**UNIT - VI**

**PIPELINING**

**BASIC CONCEPT OF PIPELINING:**

The speed of execution of programs is influenced by many factors. One way to improve performance is to use faster circuit technology to build the processor and the main memory. Another possibility is to arrange the hardware so that more than one operation can be performed at the same time that is called Pipelining. Pipelining is particularly effective way of organizing concurrent activity in a computer system.

**Two Stage Pipelining:**

* The Processor executes a program by fetching and executing instructions, one after the other.
* Let Fi and Ei refer to the fetch and execute steps for instruction Ii.
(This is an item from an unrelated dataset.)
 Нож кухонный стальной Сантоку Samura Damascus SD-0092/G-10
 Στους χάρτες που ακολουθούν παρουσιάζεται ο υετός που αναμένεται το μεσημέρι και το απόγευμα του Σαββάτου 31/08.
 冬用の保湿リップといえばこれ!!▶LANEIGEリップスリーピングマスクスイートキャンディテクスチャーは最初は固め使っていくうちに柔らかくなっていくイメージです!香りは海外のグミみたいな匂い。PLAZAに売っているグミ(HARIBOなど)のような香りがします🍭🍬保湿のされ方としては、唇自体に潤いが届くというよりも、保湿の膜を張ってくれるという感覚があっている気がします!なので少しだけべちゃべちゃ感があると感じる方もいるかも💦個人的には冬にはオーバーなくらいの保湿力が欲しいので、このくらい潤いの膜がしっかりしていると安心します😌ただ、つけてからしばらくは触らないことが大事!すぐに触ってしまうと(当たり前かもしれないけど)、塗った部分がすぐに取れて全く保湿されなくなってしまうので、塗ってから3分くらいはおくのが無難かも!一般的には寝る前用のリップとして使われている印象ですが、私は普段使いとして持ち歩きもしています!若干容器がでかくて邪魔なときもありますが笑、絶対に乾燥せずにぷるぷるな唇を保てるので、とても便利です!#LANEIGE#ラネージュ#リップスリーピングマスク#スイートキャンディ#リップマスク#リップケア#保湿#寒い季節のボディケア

Executions of a program consist of a sequence of fetch and execute steps.
* Now consider a computer that has two separate hardware units, one for fetching instructions and another for executing them.
* The instruction fetched by the fetch unit is deposited in an intermediate storage buffer B1. This buffer is needed to enable the execution unit to execute the instruction while the fetch unit is fetching the next instruction.
* The results of execution are deposited in the destination location specified by the instruction. For the purposes of both the source and the destination of the data operated on by the instructions are inside the block labeled Execution unit.
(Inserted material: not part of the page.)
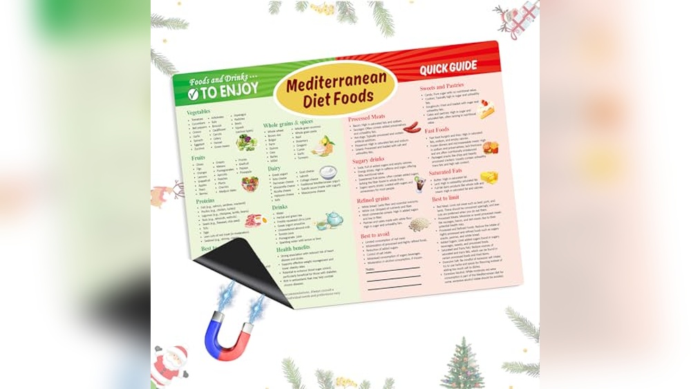 The Mediterranean Diet Magnetic Cheat Sheet – Food List, Meal Plan & Grocery Chart is perfect for individuals who want to embrace a healthier lifestyle through the Mediterranean diet. Ideal customers include busy home cooks, health-conscious individuals, and anyone looking for a convenient, quick reference guide to maintain balanced eating habits without spending too much time planning meals. This magnet serves as an excellent tool for beginners and seasoned dieters alike who want to keep essential diet information right on their kitchen fridge.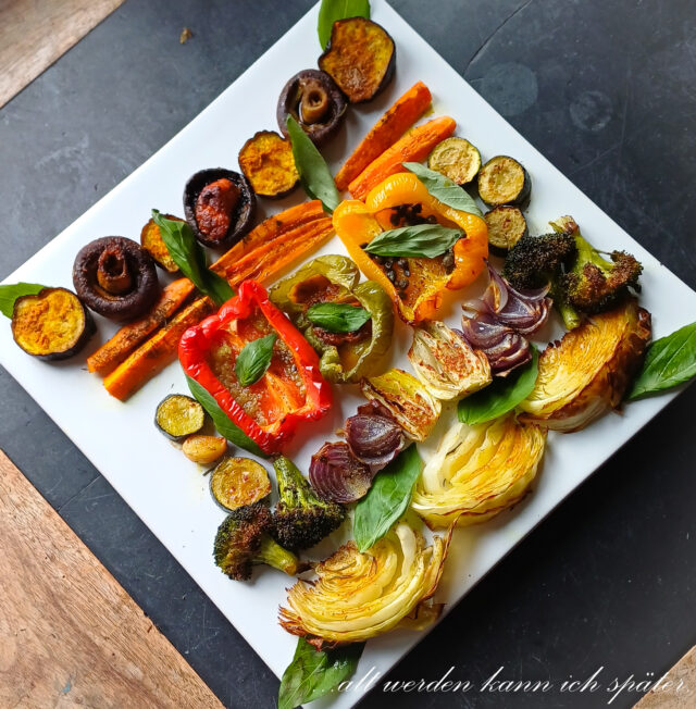 Nach dem Backen, rund 20 Minuten bei 200 Grad, richte ich das Gemüse auf einer Platte an und gebe frische Basilikumblätter dazu. Ein mediterraner Duft wabert durchs Haus.

* The computer is controlled by a clock whose period is such that the fetch and execute steps of any instruction can each be completed in one clock cycle.
* In the first clock cycle, the fetch unit fetches an instruction I1 and stores it in buffer B1 at the end of the clock cycle.
* In the second clock cycle, the instructions fetch unit proceeds with the fetch operation for instruction I2. The execution unit performs the operation specified by instruction I1, which is available to it in buffer B1.
* By the end of the second clock cycle, the execution of instruction I1 is completed and instruction I2 is available. Instruction I2 is stored in B1, replacing I1, which is no longer needed.
* Step E2 is performed by the execution unit during the third clock cycle, while instruction I3 is being fetched by the fetch unit. In this manner, both the fetch and execute units are kept busy all the time.
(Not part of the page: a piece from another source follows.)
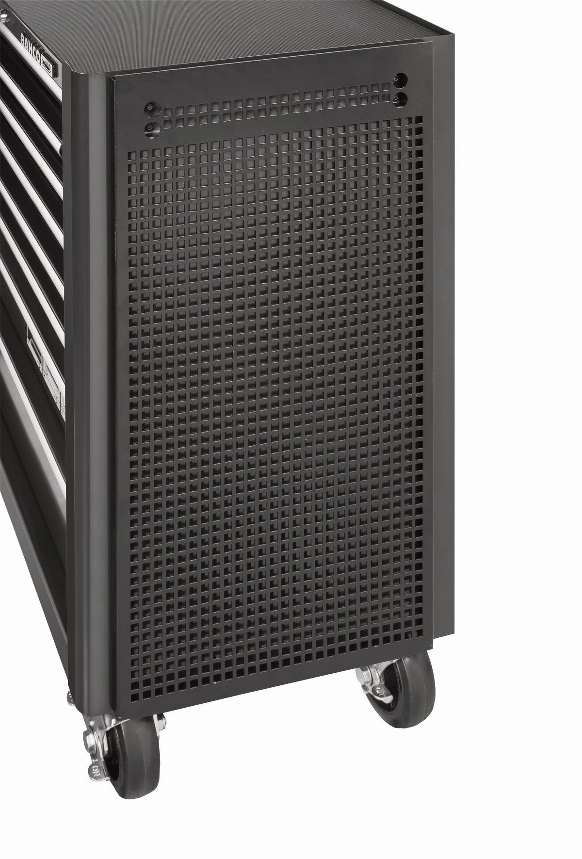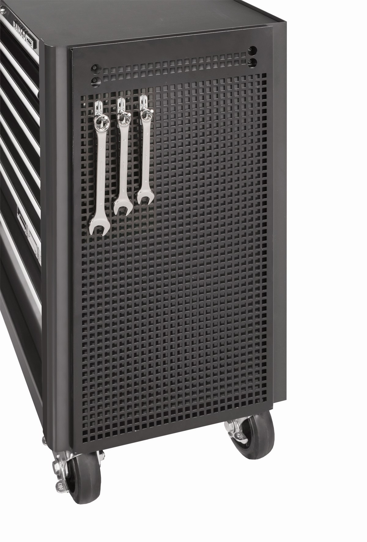 Panel de herramientas lateral con ranuras para ganchos.

**Four Stage Pipelining:**

The Processing of an instruction need not be divided into only two steps. For example, a pipelined processor may process each instruction in four steps, as follows:

****

****

****

**Role of Cache Memory:**

* Each stage in a pipeline is expected to complete its operation in one clock cycle.
* If different units require different amounts of time, the clock period must allow the longest task to be completed.
* A unit that completes its task early is idle for the remainder of the clock period. Hence, pipelining is most effective in improving performance if the tasks being performed in different stages require about the same amount of time.
* The clock cycle has to be equal to or greater than the time needed to complete a fetch operation.
* However, the access time of the main memory may be as much as ten times greater than the time needed to perform basic pipeline stage operations inside the processor.
* Thus, if each instruction fetches required access to the main memory, pipelining would be of little value.
* The use of cache memories solves the memory access problem. In particular, when a cache is included on the same chip as the processor, access time to the cache is usually the same as the time needed to perform other basic operations inside the processor.

**Pipeline Performance:**

* The pipelined processor completes the processing of one instruction in each clock cycle, which means that the rate of instruction processing is four times that of sequential operation.
* The potential increase in performance resulting from pipelining is proportional to the number of pipeline stages.
* One of the pipeline stages may not be able to complete its processing task for a given instruction in the time allotted.

**What is Hazard?**

Any condition that causes the pipeline to stall is called a Hazard. Hazards are three types.

1. Data Hazards
2. Instruction Hazards
3. Structural Hazards

**Data Hazards:**

 A Data Hazard is any condition in which either the source or the destination operands of an instruction are not available at the time expected in the pipeline. As a result some operation has to be delayed, and the pipeline stalls.

 

* For example, stage E in the four-stage pipeline of responsible for arithmetic and logic operations and one clock cycle is assigned for this task.
* The operation specified instruction I2 requires three cycle to complete, from cycle 4 through cycle 6. Thus, in cycle 5 and 6, the write stage must be told to do nothing, because it has no data to work with. The information in buffer B2 must remain intact until the execute stage has completed its operation.
* This means that stage 2 and in turn, stage 1 are blocked from accepting new instructions because the information in B1 cannot be overwritten. Thus, steps D4 and F5 must be postponed.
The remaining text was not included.